= List of The Rose of Versailles chapters =

The Rose of Versailles (ベルサイユのばら, Berusaiyu no Bara), also called BeruBara, is a shōjo manga series by Riyoko Ikeda published by Shueisha in Margaret from 1972 to 1973. It later was adapted into an anime, The Rose of Versailles. The series was published on 21 May 1972, in the Shueisha Margaret magazine's 21st edition. Publication lasted 82 weeks. The series garnered much acclaim, and topped sales ranks regularly.
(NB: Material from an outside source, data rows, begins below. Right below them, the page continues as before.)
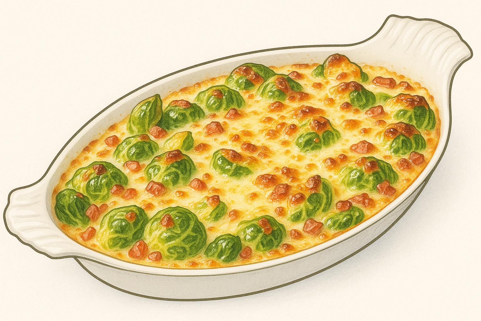 From the start, the dish leans into everything autumn cooking does best: warmth, richness, deep savouriness, and the comfort of taking your time. What arrives at the table, then, is not the stern little sprout of childhood memory, but something entirely reformed—soft at the centre, gently caramelised, wrapped in velvety Gruyère mornay, and crowned with a golden pancetta-breadcrumb crust that crackles like the season’s last leaves.
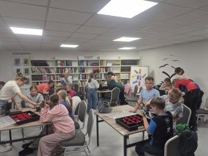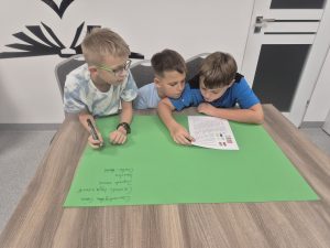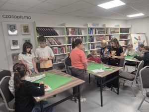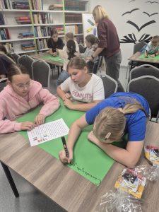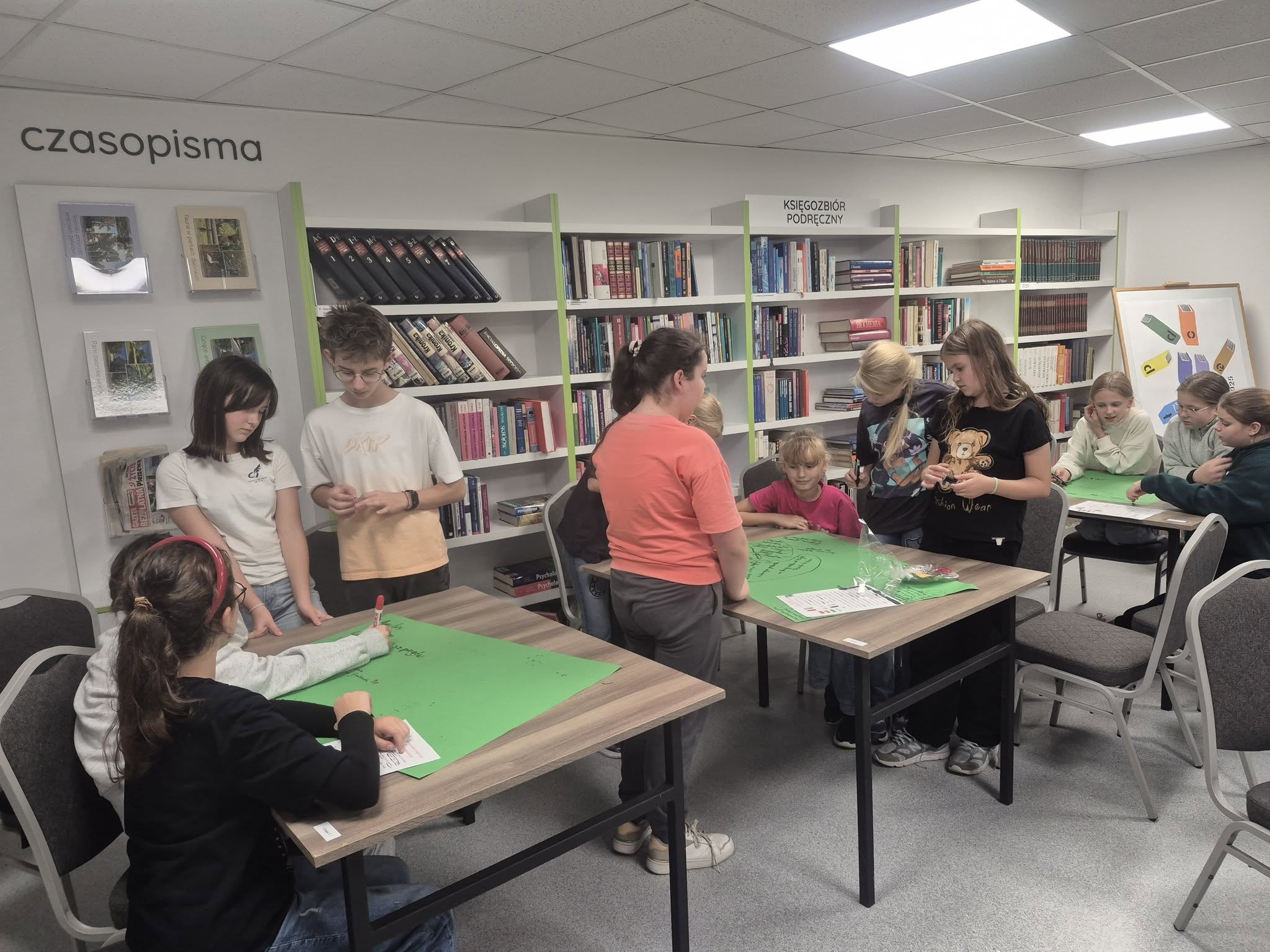 Po kolacji uczniowie zawitali do Gminnej Biblioteki Publicznej w Dobrzycy. Tutaj czekały na nich kolejne zadania i atrakcje.
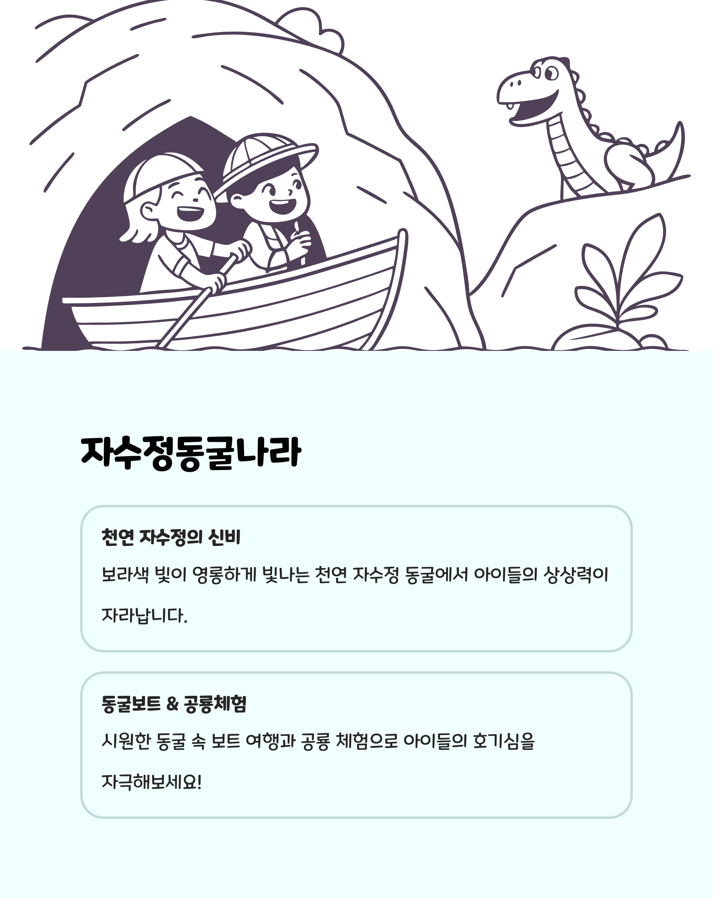 위치: 울산 울주군 삼남면 자수정로 212특징: 울산 울주군에 위치한 자수정동굴나라는 총 2.5km 길이의 동굴 탐험 공간으로, 6,500만 년 전 형성된 천연 자수정과 화강암을 감상할 수 있습니다. 동굴 내부에는 공룡 전시, 미디어아트, 기(氣)체험관 등 다양한 체험 공간이 있어 아이들의 호기심을 자극합니다. 보트를 타고 동굴 속 호수를 탐험하는 특별한 체험도 가능하며, 연중 시원한 온도가 유지되어 여름철 피서지로도 인기가 많습니다.추천 이유: 자연과 역사를 함께 체험할 수 있는 공간으로, 아이들의 탐구심과 상상력을 동시에 자극합니다. 다양한 놀이와 교육 프로그램이 가족 모두에게 즐거움과 배움을 선사하며, 연중 쾌적한 환경 속에서 특별한 가족 여행을 계획하기에 적합한 장소입니다.

The serialization of the manga finished in the autumn of 1973, with the publication of the last installment in the 52nd edition of the magazine.

In 1983, the first two volumes of The Rose of Versailles were translated in English by Frederik L. Schodt for the purpose of teaching English to Japanese speakers and released in North America by the North American branch of Sanyusha.
It has been licensed in French by Kana, in Spanish by Azake Ediciones, German by Carlsen, Italian by d-world, and in Chinese by Tong Li Publishing.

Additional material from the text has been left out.